* [WORK TASK]
Only one stretch of the data below should be repeated: the lines from the line containing "- 一般的に溶接電流や溶接速度が過剰に高いことなどが原因となります。" through the line containing "国語「おおきなかぶ」の学習で、劇の発表会をしました。", inclusive, exactly as they are.

* [STUDY MATERIAL]
*** Block opens ***

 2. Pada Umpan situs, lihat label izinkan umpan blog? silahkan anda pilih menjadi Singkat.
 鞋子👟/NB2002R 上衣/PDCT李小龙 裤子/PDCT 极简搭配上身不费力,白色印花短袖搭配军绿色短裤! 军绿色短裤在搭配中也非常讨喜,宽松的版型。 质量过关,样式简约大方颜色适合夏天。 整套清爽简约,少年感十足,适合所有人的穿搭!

*** Block closes ***
*** Block opens ***

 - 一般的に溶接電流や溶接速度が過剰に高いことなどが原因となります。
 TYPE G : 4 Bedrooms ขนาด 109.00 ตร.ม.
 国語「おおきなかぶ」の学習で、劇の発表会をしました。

*** Block closes ***
*** Block opens ***

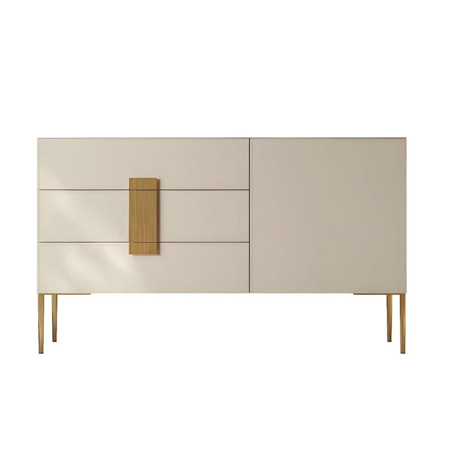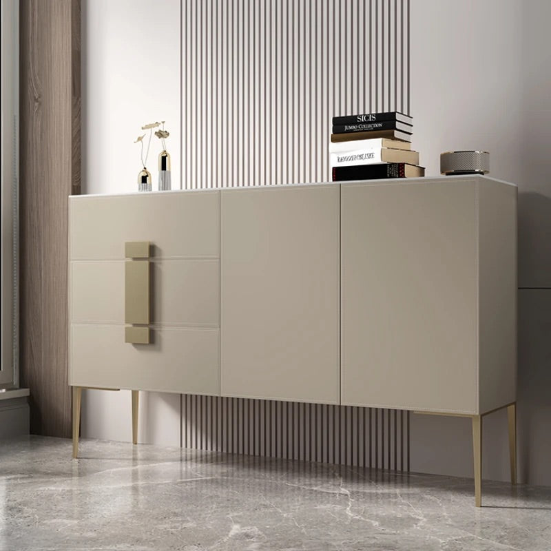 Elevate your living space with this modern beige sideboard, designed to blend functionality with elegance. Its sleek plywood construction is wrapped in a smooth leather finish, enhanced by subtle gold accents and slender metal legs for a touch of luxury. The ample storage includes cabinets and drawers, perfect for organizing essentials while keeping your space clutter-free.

*** Block closes ***

* [RESULT FOR THIS EXERCISE]
 - 一般的に溶接電流や溶接速度が過剰に高いことなどが原因となります。
 TYPE G : 4 Bedrooms ขนาด 109.00 ตร.ม.
 国語「おおきなかぶ」の学習で、劇の発表会をしました。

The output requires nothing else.